Warrantless search and seizures by the South African Police Service : weighing up the right to privacy versus the prevention of crime
Abstract
The constitutional right to privacy is enshrined in section 14 of
the Constitution of the Republic of South Africa, 1996. It is
premised on the notion that all persons should be protected from
intrusions on their privacy by any person or institution. The
Constitutional Court has also, on numerous occasions, held that
the right to privacy is bolstered by its connection with the right to
human dignity. It is undeniable that every person's right to
privacy should be protected. However, a person's right to privacy
is violated when police officials conduct warrantless search and
seizure operations. Generally section 22 of the Criminal
Procedure Act provides for warrantless search and seizure
operations when a police official has a reasonable suspicion that
a search warrant will be issued to him and that a delay in
obtaining such a warrant would defeat the object of the search.

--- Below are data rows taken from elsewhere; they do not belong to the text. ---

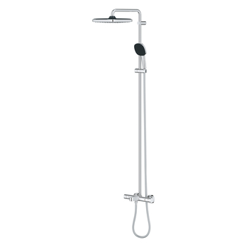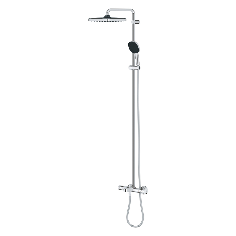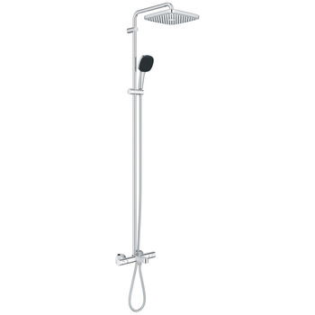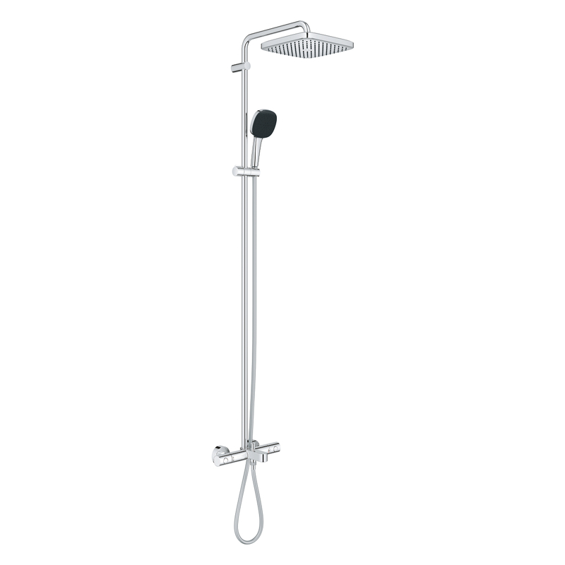 Система Grohe QuickFix Vitalio Comfort 250 прекрасно работает даже с быстрыми водонагревателями (от 18 кВт) и подходит для большинства городских квартир и загородных домов. Дополнительные опции — отдельный механический переключатель для ручного душа, простое и понятное управление режимами, легкая сборка и стильный внешний вид.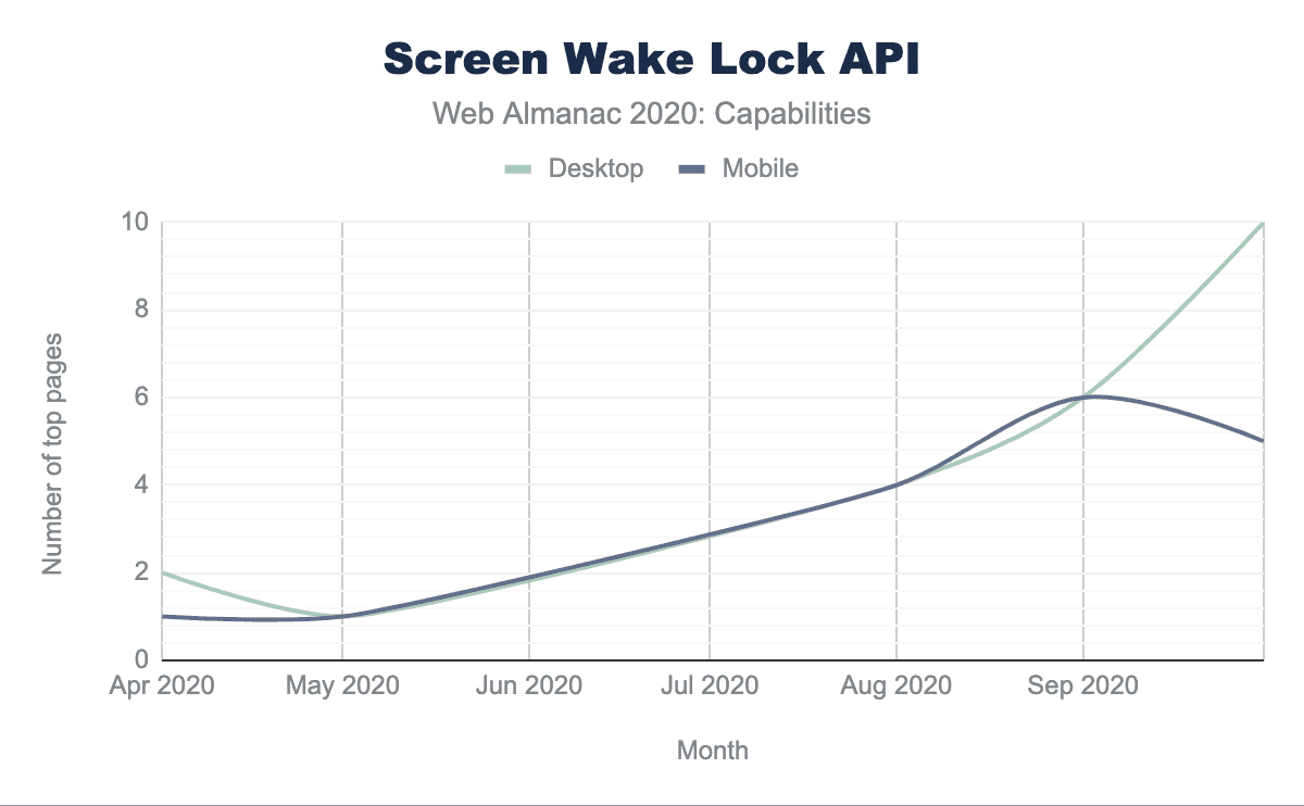 米国で人気の料理サイトBettyCrocker.comは、Screen Wake Lock APIの助けを借りて、料理中に画面が暗くなるのを防ぐオプションをユーザーに提供している。ケーススタディでは平均セッション時間が通常より3.1倍長くなり、バウンス率が50%減少し、購入意向指標が約300%増加したと発表しています。このように、インターフェイスは、Webサイトやアプリケーションの成功に直接的に測定可能な効果を持っています。Screen Wake Lock APIは、2020年7月にGoogle Chrome 84で提供されました。HTTP Archiveには4月、5月、8月、9月、10月のデータしかありません。Chrome 84のリリース後、利用率は一気に上昇しました。2020年10月には、デスクトップ10ページ、モバイル5ページでAPIが採用されました。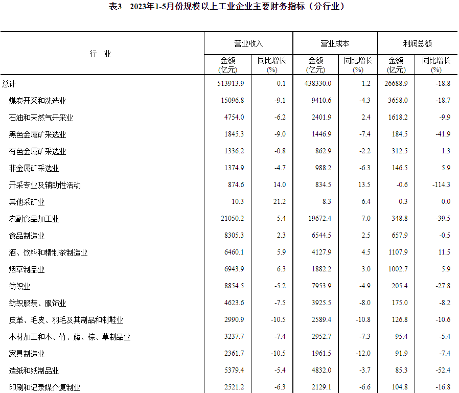 1—5月份,在41個(gè)工業(yè)大類行業(yè)中,14個(gè)行業(yè)利潤總額同比增長,1個(gè)行業(yè)持平,24個(gè)行業(yè)下降,2個(gè)行業(yè)由盈轉(zhuǎn)虧。主要行業(yè)利潤情況如下:電力、熱力生產(chǎn)和供應(yīng)業(yè)利潤總額同比增長45.9%,電氣機(jī)械和器材制造業(yè)增長29.2%,汽車制造業(yè)增長24.3%,通用設(shè)備制造業(yè)增長23.4%,專用設(shè)備制造業(yè)下降0.1%,石油和天然氣開采業(yè)下降9.9%,煤炭開采和洗選業(yè)下降18.7%,非金屬礦物制品業(yè)下降25.9%,紡織業(yè)下降27.8%,農(nóng)副食品加工業(yè)下降39.5%,計(jì)算機(jī)、通信和其他電子設(shè)備制造業(yè)下降49.2%,化學(xué)原料和化學(xué)制品制造業(yè)下降52.4%,有色金屬冶煉和壓延加工業(yè)下降53.0%,石油、煤炭及其他燃料加工業(yè)下降92.8%,黑色金屬冶煉和壓延加工業(yè)由盈利轉(zhuǎn)為虧損。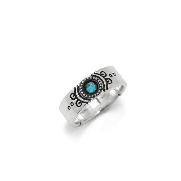 The main body is made of 925 silver, and the characteristic patterns are carved and then oxidized. Color may vary a little from ring to ring.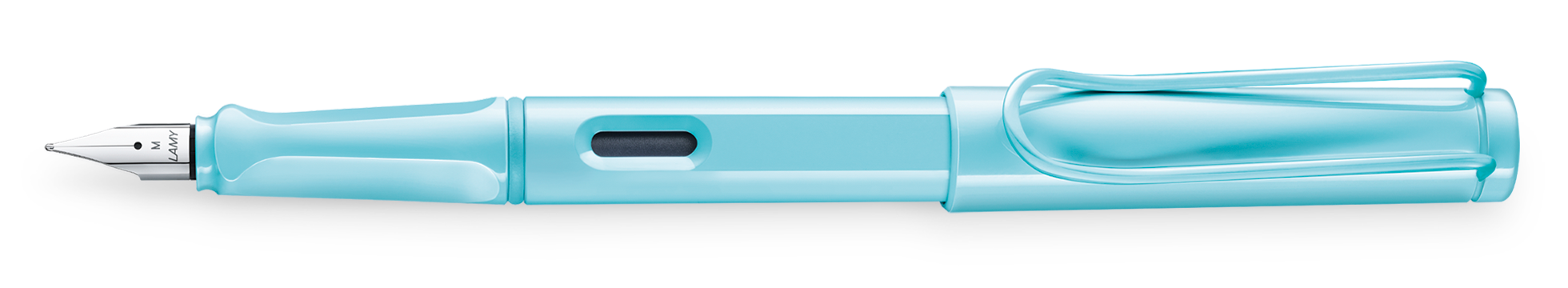 LAMY SAFARI сделана из «неубиваемого» АБС пластика (кубики Lego), стальной клип (прижим) прямо-таки антивандальной конструкции – крепко держится за все, к чему его прикрепляют: карман, обложка ежедневника, рюкзак и т.д. В корпусе есть две прорези-окошка, через которые можно видеть остаток чернил, не раскручивая при этом ручку. Ручка пишет мягко, как по маслу, даже по бумаге низкого качества. Линия ровная, не расплывается. Включает в себя один картридж с синими чернилами LAMY T10.
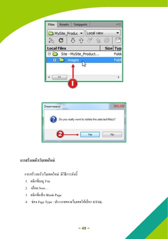 การสร้างหน้าเว็บเพจใหม่ การสร้างหน้าเว็บเพจใหม่ มีวิธีการดังนี้ 1. คลิกที่เมนู File 2. เลือก New… 3. คลิกที่แท็บ Blank Page 4. ช่อง Page Type : ประเภทาองเว็บเพจให้เลือก HTML ~ 49 ~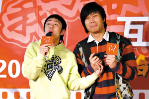 前天,由好萊塢著名女制片人羅燕導(dǎo)演的國內(nèi)首部電玩動作喜劇電影《哈!哈!哈!》在北京舉行啟動儀式,該片主演之一后舍男生(右圖)搞笑亮相。羅燕透露,該片初步確定上映的日期為5月上旬。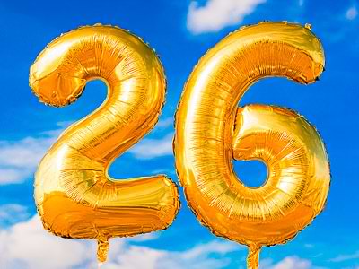 Lösungszeiten für dieses PuzzleFotoGolden balloons on the form of the digits twenty six against blue sky Teilen Sie dieses Puzzle | ||
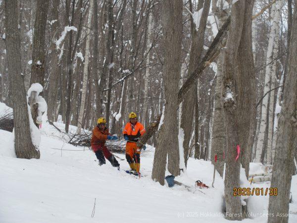 大雪後の整理伐に12名の協会員が一列に雪を踏みしめ道を作りながらA-1.E-2区へ向かいました。街中に比べ森の中は積雪が少ないようで樹間の斜面を昇降する際も雪に埋まらず動けました。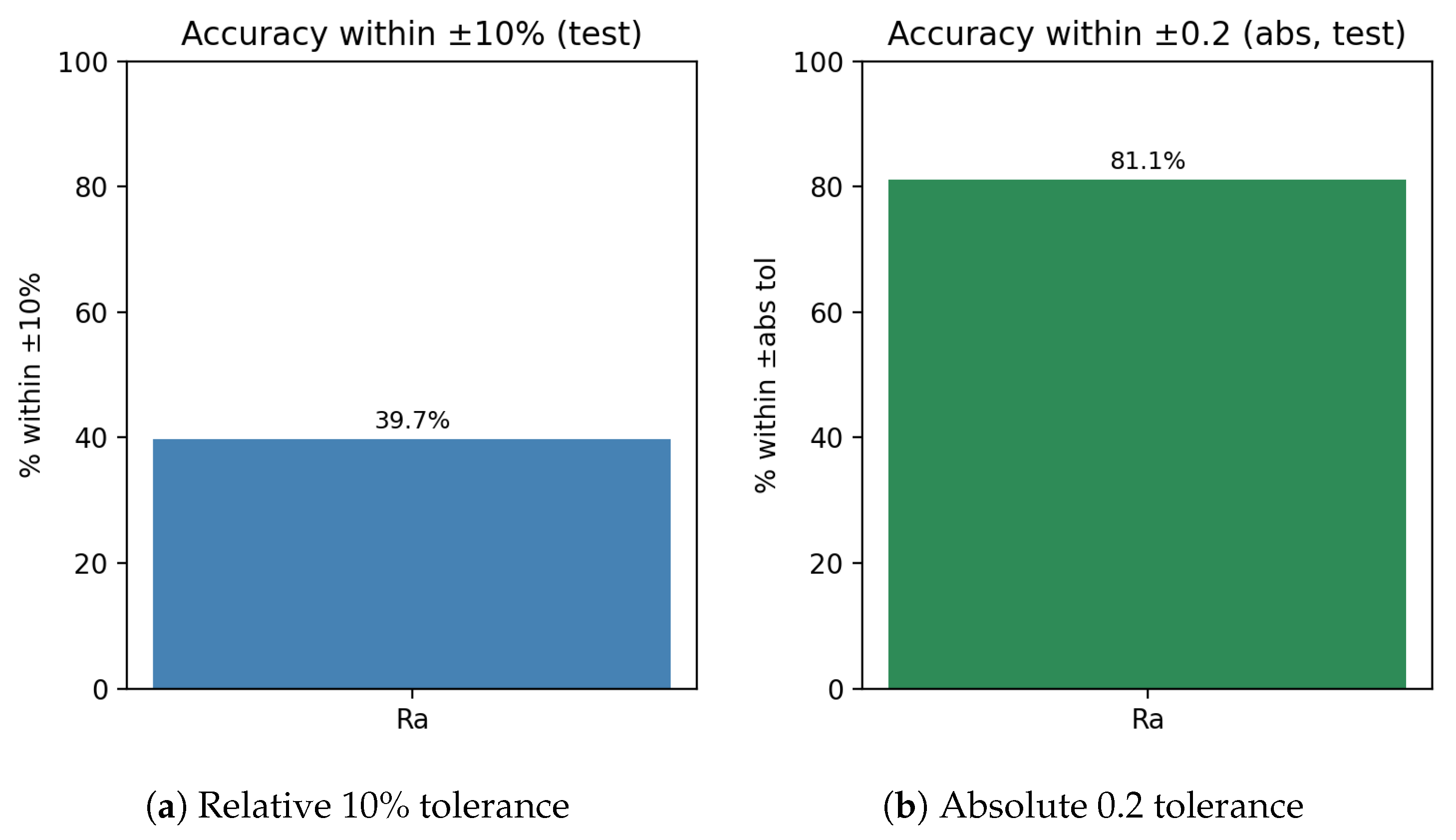 - Class imbalance. The TP class dominates support, which contributes to higher weighted metrics and increased dispersion for minority classes. Inverse-frequency class weights mitigated collapse, but residual performance differences across classes reflect the inherent imbalance in available measurements. As shown in Figure 9, Figure 10 and Figure 11, the main performance results for the single-target regression models are presented, including tolerance-based accuracy and predicted vs. actual scatter plots for the primary parameters.

Warrantless searches are important for the prevention of crime,
but recent case law has suggested that there has been a
progressive shift towards protecting the right to privacy of the
individual subjected to warrantless searches, since there are a
number of laws besides section 22 that regulate warrantless
searches and which have been declared to be constitutionally
invalid. This article seeks to demonstrate that the current
regulatory framework for warrantless searches should be
reviewed in order to protect the legitimacy of the police as well
as the dignity and privacy of the citizens of South Africa.